What you are asked to do |
Copy out each entry precisely; no image belongs in the result.

Given records |
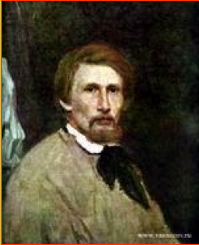
Васнецов Виктор Михайлович 1848-1926
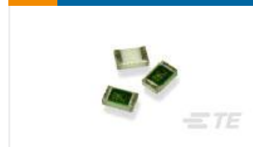
TE 零件编号9-1676481-5 CPF 0603 75K 0.1% 25PPM 1K RL
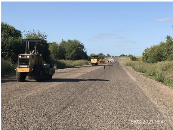
Ilustración 6 – Frente de obra. Ruta 90, trabajos de ejecución de tratamiento bituminoso doble.
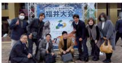
青年部会一泊研修会(11月7,8日) 研修地:福井市、金沢市
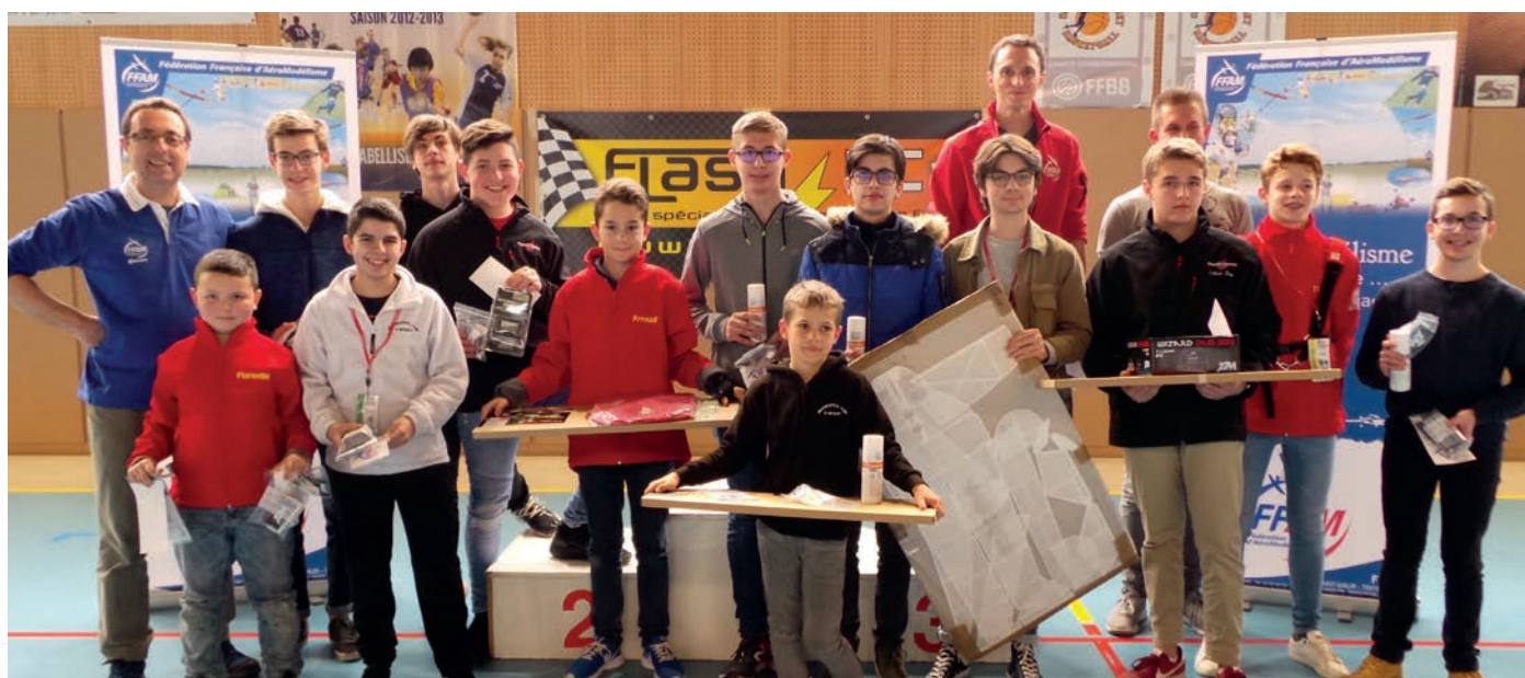
Les nombreux sponsors ont permis de récompenser la jeunesse, qui est l'avenir de notre hobby.
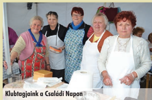
Klubtagjaink a Családi Napon

Written response |
Васнецов Виктор Михайлович 1848-1926
TE 零件编号9-1676481-5 CPF 0603 75K 0.1% 25PPM 1K RL
Ilustración 6 – Frente de obra. Ruta 90, trabajos de ejecución de tratamiento bituminoso doble.
青年部会一泊研修会(11月7,8日) 研修地:福井市、金沢市
Les nombreux sponsors ont permis de récompenser la jeunesse, qui est l'avenir de notre hobby.
Klubtagjaink a Családi Napon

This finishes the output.